= Problem details =
Take the data below and extract the lines from the one with "Although existing studies" to the one with "由京东数据研究院与南都消费研", inclusive, exactly as written.

= Source information =
————

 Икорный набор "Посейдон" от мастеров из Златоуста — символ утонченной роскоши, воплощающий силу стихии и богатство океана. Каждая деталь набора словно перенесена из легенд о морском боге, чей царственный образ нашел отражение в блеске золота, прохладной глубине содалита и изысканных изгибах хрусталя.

————

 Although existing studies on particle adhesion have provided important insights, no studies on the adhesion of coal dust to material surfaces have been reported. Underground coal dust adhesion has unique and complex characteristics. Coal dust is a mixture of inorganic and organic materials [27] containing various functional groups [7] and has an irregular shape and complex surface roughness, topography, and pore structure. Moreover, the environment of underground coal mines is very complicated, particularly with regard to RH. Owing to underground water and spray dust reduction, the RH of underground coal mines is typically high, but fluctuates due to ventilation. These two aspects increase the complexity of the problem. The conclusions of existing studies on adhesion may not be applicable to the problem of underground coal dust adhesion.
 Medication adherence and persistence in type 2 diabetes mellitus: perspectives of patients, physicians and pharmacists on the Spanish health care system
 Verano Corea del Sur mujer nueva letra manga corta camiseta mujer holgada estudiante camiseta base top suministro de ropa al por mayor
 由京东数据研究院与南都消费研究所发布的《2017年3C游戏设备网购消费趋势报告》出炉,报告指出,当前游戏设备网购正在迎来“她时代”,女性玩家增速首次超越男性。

————

= Completed task =
 Although existing studies on particle adhesion have provided important insights, no studies on the adhesion of coal dust to material surfaces have been reported. Underground coal dust adhesion has unique and complex characteristics. Coal dust is a mixture of inorganic and organic materials [27] containing various functional groups [7] and has an irregular shape and complex surface roughness, topography, and pore structure. Moreover, the environment of underground coal mines is very complicated, particularly with regard to RH. Owing to underground water and spray dust reduction, the RH of underground coal mines is typically high, but fluctuates due to ventilation. These two aspects increase the complexity of the problem. The conclusions of existing studies on adhesion may not be applicable to the problem of underground coal dust adhesion.
 Medication adherence and persistence in type 2 diabetes mellitus: perspectives of patients, physicians and pharmacists on the Spanish health care system
 Verano Corea del Sur mujer nueva letra manga corta camiseta mujer holgada estudiante camiseta base top suministro de ropa al por mayor
 由京东数据研究院与南都消费研究所发布的《2017年3C游戏设备网购消费趋势报告》出炉,报告指出,当前游戏设备网购正在迎来“她时代”,女性玩家增速首次超越男性。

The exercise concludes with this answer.